» TASK INSTRUCTIONS:
Beginning with the line that holds "CIUDAD JUÁREZ, CHIHUAHUA, 02MAYO2025.- Esta", write out each line exactly as it stands until the end of the data, and include no pictures.

» PROVIDED MATERIAL:
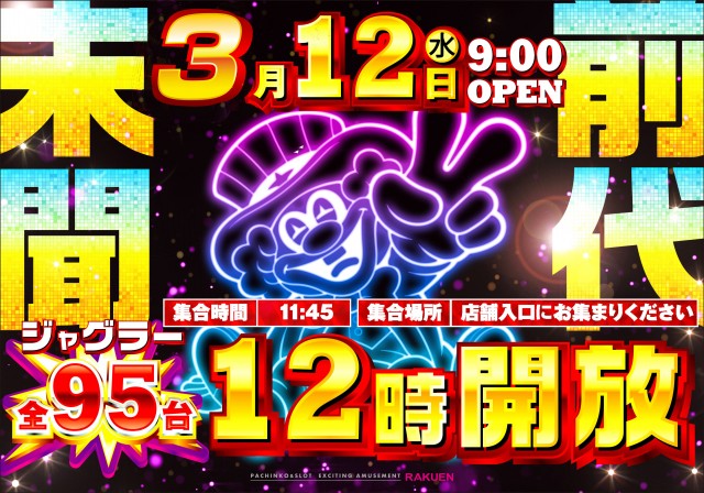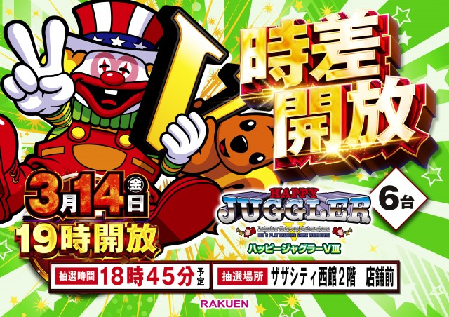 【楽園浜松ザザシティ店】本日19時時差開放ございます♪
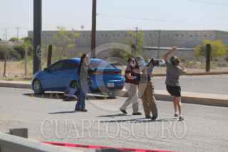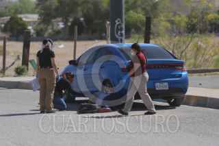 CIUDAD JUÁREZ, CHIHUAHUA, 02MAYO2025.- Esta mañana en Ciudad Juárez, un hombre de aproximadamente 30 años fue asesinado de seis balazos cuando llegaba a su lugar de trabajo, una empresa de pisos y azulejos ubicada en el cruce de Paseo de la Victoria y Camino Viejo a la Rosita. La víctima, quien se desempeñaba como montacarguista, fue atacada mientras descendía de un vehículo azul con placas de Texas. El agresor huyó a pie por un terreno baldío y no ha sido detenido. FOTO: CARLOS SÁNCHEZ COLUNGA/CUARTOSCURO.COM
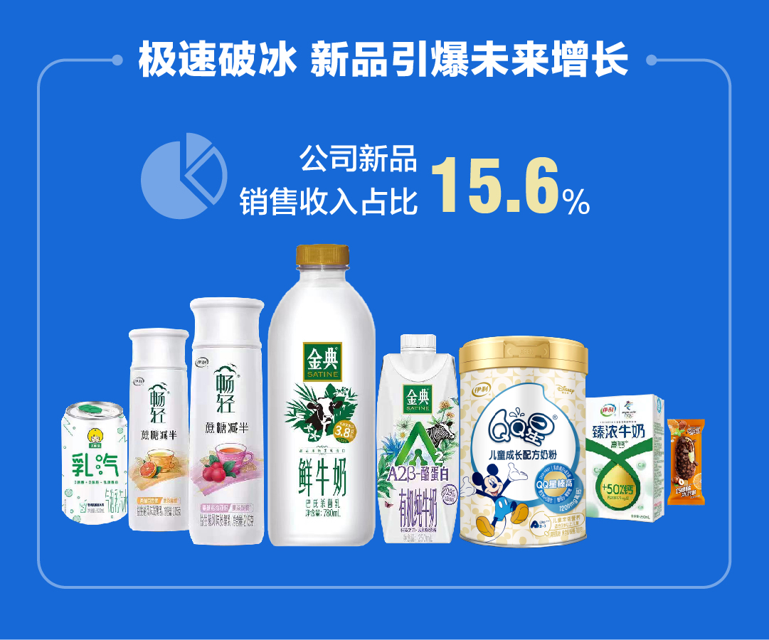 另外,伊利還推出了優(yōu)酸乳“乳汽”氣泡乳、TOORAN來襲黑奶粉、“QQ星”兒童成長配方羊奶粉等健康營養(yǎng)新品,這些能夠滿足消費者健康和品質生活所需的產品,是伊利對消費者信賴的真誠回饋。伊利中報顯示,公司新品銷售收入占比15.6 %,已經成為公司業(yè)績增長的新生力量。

» TASK OUTPUT:
 CIUDAD JUÁREZ, CHIHUAHUA, 02MAYO2025.- Esta mañana en Ciudad Juárez, un hombre de aproximadamente 30 años fue asesinado de seis balazos cuando llegaba a su lugar de trabajo, una empresa de pisos y azulejos ubicada en el cruce de Paseo de la Victoria y Camino Viejo a la Rosita. La víctima, quien se desempeñaba como montacarguista, fue atacada mientras descendía de un vehículo azul con placas de Texas. El agresor huyó a pie por un terreno baldío y no ha sido detenido. FOTO: CARLOS SÁNCHEZ COLUNGA/CUARTOSCURO.COM
 另外,伊利還推出了優(yōu)酸乳“乳汽”氣泡乳、TOORAN來襲黑奶粉、“QQ星”兒童成長配方羊奶粉等健康營養(yǎng)新品,這些能夠滿足消費者健康和品質生活所需的產品,是伊利對消費者信賴的真誠回饋。伊利中報顯示,公司新品銷售收入占比15.6 %,已經成為公司業(yè)績增長的新生力量。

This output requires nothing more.